→ What you should do: Once you reach the line with "試合:瀬藤の巧さが光る!!立" below, copy each line exactly, stopping after the line with "ones calculated by", and skip any pictures.

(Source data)
===
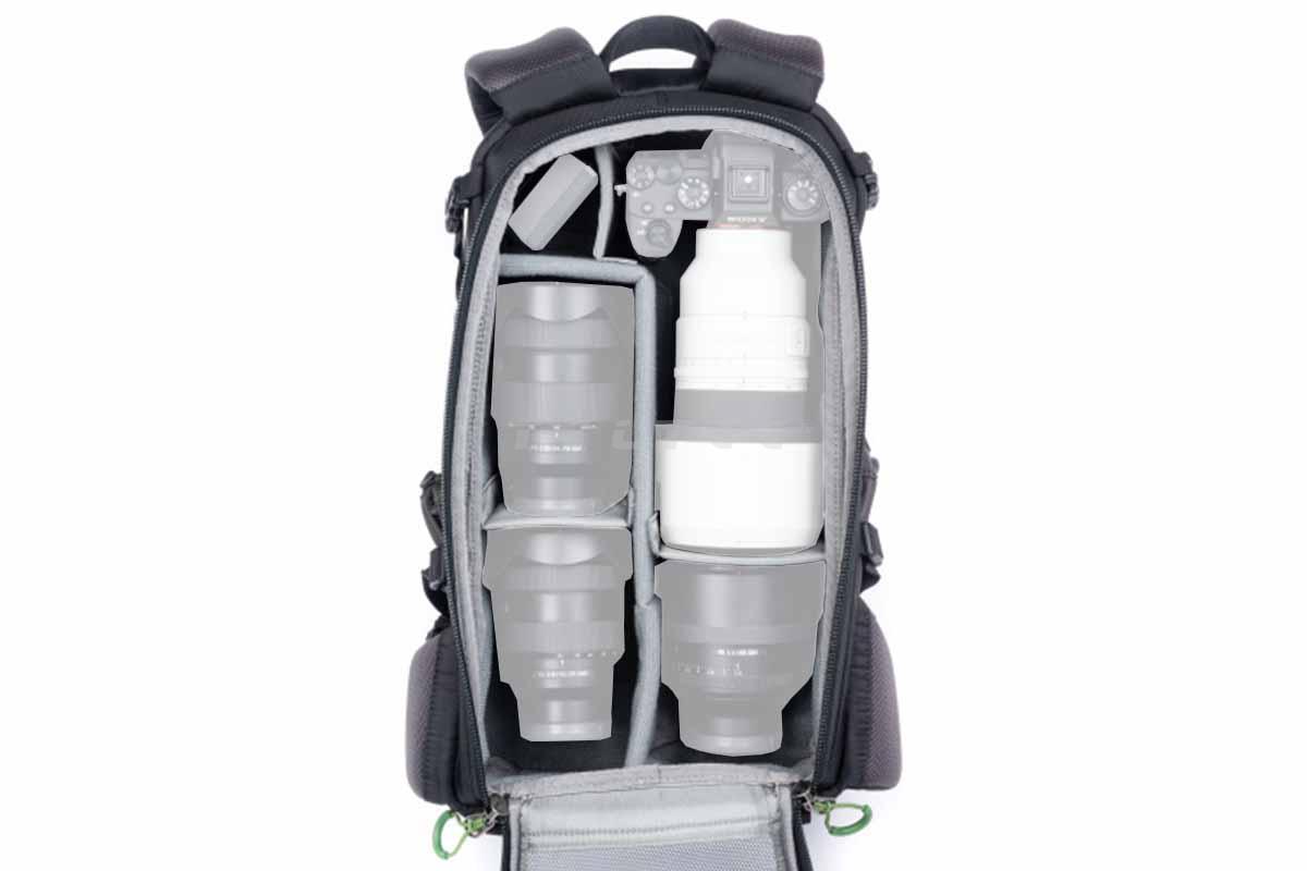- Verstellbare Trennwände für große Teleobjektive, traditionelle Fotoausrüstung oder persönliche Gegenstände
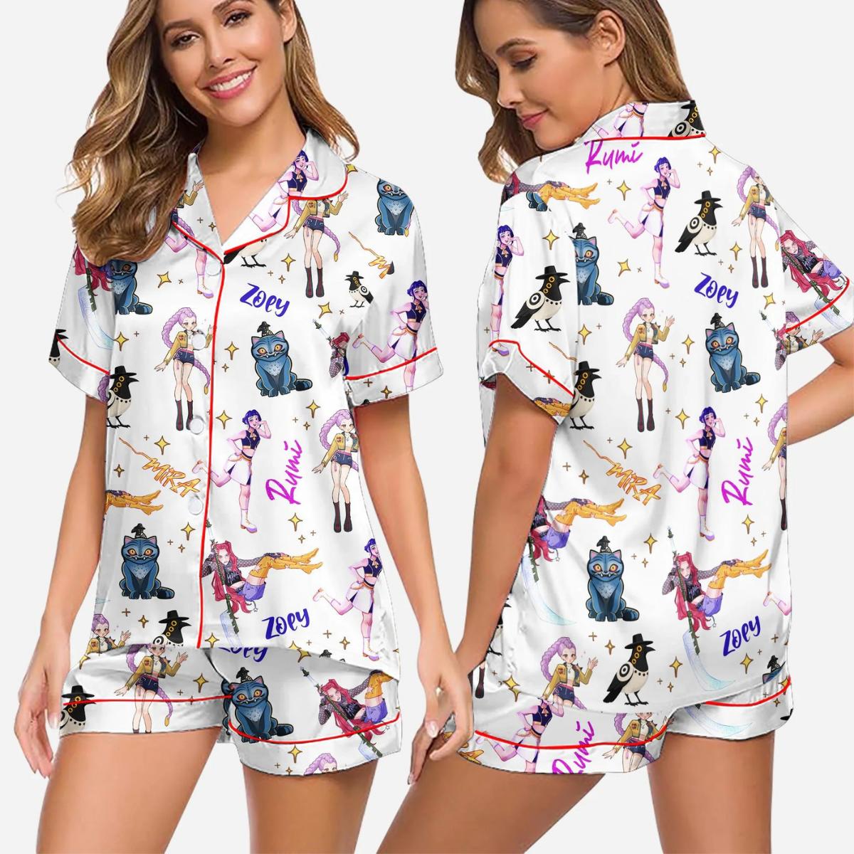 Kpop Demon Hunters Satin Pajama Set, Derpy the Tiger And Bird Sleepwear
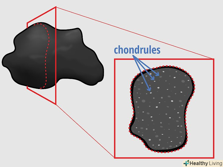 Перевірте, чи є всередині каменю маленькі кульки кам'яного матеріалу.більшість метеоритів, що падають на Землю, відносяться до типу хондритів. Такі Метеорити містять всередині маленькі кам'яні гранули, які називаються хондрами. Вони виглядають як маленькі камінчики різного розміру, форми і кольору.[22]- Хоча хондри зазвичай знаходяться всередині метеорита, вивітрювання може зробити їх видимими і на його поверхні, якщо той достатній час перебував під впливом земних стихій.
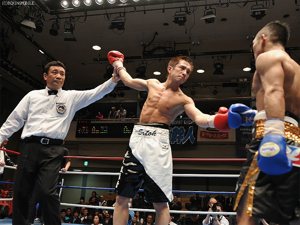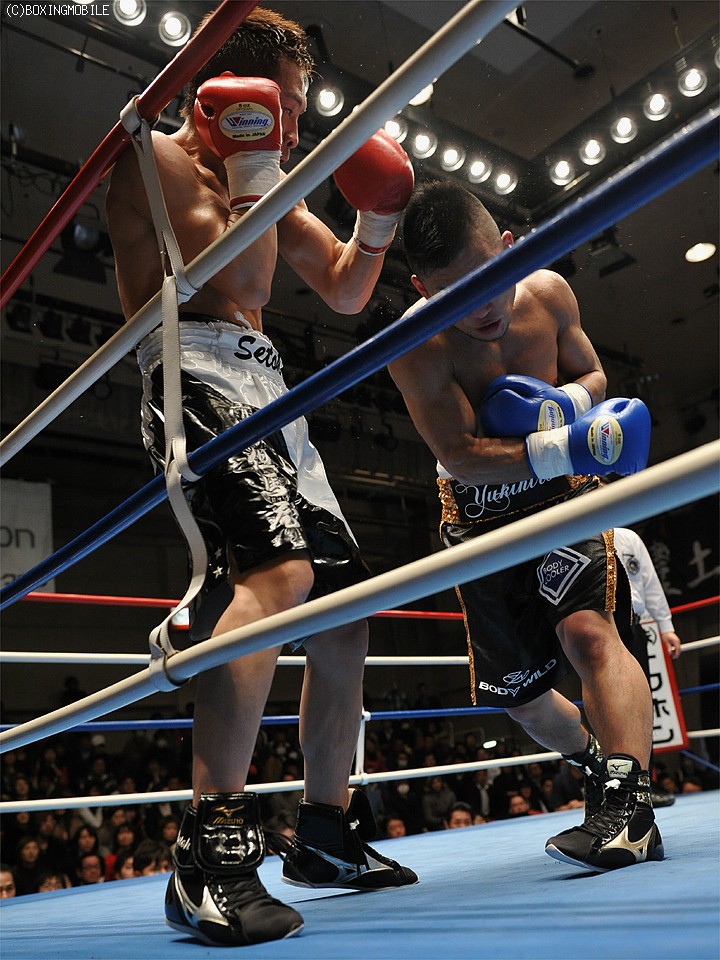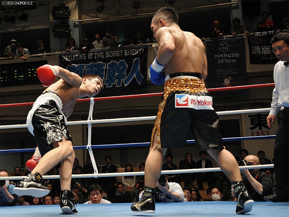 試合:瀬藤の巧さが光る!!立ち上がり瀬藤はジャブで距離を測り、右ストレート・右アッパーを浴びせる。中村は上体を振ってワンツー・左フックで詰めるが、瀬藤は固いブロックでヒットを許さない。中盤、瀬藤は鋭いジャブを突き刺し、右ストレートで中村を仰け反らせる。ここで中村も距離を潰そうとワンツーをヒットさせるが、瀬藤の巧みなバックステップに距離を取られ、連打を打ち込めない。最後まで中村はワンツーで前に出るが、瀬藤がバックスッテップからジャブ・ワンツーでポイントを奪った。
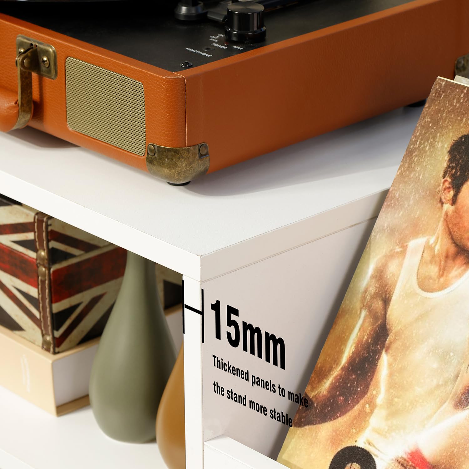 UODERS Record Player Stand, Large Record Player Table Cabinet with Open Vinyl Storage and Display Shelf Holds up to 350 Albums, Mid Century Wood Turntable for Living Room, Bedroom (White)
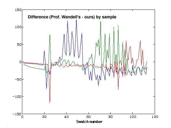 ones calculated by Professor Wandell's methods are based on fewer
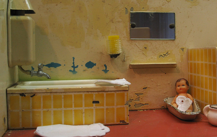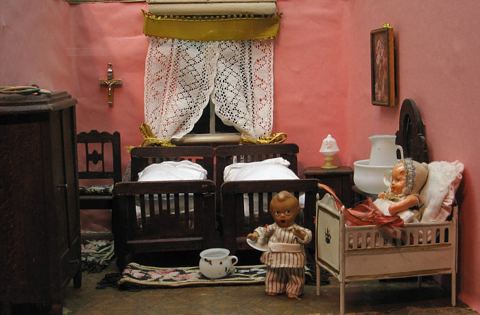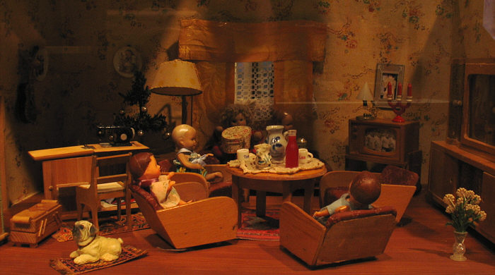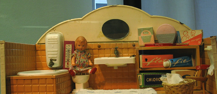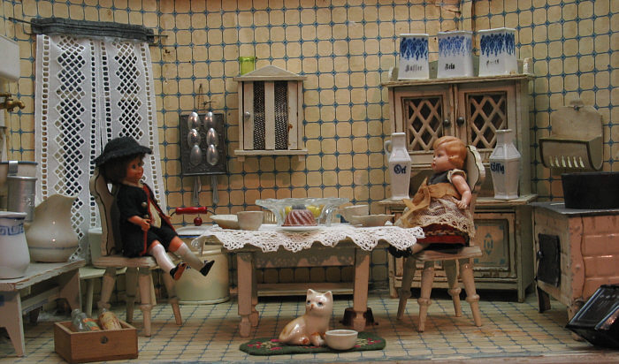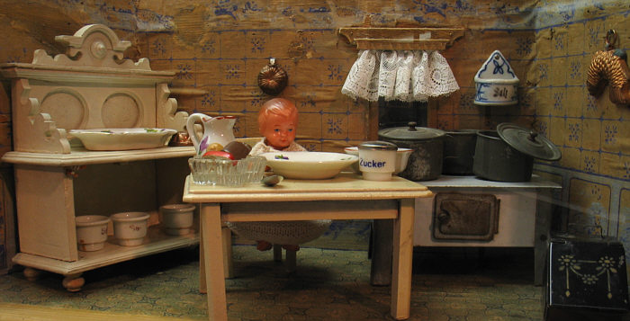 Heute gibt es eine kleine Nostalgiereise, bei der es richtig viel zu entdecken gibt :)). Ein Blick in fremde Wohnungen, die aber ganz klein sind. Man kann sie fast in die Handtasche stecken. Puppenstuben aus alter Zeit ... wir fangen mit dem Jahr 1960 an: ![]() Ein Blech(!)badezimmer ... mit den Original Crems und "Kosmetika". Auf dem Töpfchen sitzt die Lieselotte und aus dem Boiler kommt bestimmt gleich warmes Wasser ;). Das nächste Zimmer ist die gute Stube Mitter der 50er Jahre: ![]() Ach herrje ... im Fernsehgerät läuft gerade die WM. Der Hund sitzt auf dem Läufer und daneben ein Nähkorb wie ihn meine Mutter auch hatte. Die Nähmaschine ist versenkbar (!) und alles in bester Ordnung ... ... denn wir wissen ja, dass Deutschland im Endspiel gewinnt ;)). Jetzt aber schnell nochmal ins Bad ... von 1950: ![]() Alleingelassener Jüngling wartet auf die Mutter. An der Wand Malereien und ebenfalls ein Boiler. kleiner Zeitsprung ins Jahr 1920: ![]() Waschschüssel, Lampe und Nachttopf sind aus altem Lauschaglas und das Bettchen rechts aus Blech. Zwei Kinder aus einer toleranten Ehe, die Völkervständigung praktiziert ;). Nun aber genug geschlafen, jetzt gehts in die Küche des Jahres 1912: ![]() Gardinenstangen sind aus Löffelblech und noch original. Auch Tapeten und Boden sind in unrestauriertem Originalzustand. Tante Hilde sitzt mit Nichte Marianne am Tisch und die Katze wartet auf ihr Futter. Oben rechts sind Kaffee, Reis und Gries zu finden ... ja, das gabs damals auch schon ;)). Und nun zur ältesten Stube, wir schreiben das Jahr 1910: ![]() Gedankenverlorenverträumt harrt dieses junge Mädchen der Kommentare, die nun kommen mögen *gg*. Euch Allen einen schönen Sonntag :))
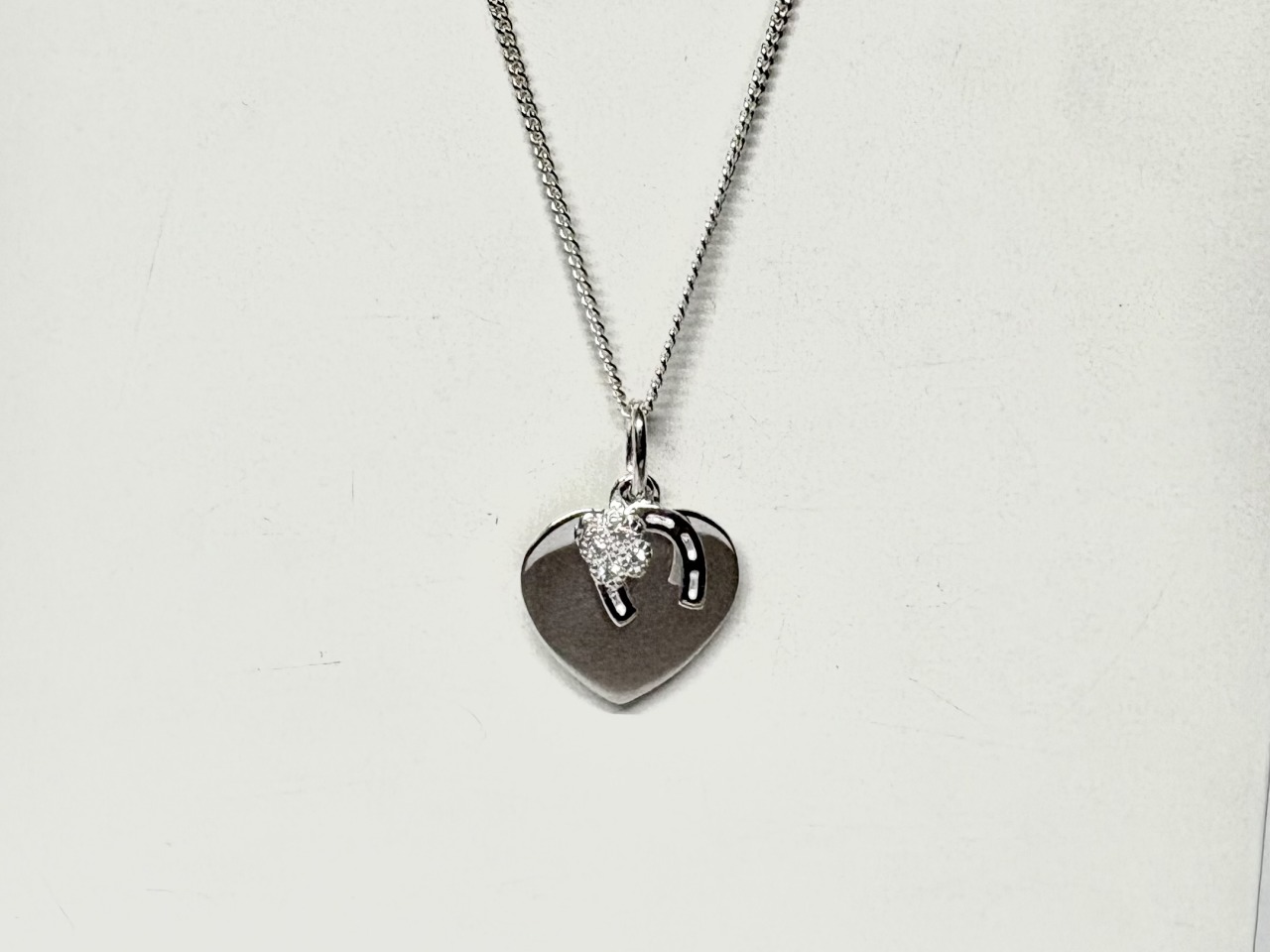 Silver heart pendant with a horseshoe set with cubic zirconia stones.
===
→ Task response:
 試合:瀬藤の巧さが光る!!立ち上がり瀬藤はジャブで距離を測り、右ストレート・右アッパーを浴びせる。中村は上体を振ってワンツー・左フックで詰めるが、瀬藤は固いブロックでヒットを許さない。中盤、瀬藤は鋭いジャブを突き刺し、右ストレートで中村を仰け反らせる。ここで中村も距離を潰そうとワンツーをヒットさせるが、瀬藤の巧みなバックステップに距離を取られ、連打を打ち込めない。最後まで中村はワンツーで前に出るが、瀬藤がバックスッテップからジャブ・ワンツーでポイントを奪った。
 UODERS Record Player Stand, Large Record Player Table Cabinet with Open Vinyl Storage and Display Shelf Holds up to 350 Albums, Mid Century Wood Turntable for Living Room, Bedroom (White)
 ones calculated by Professor Wandell's methods are based on fewer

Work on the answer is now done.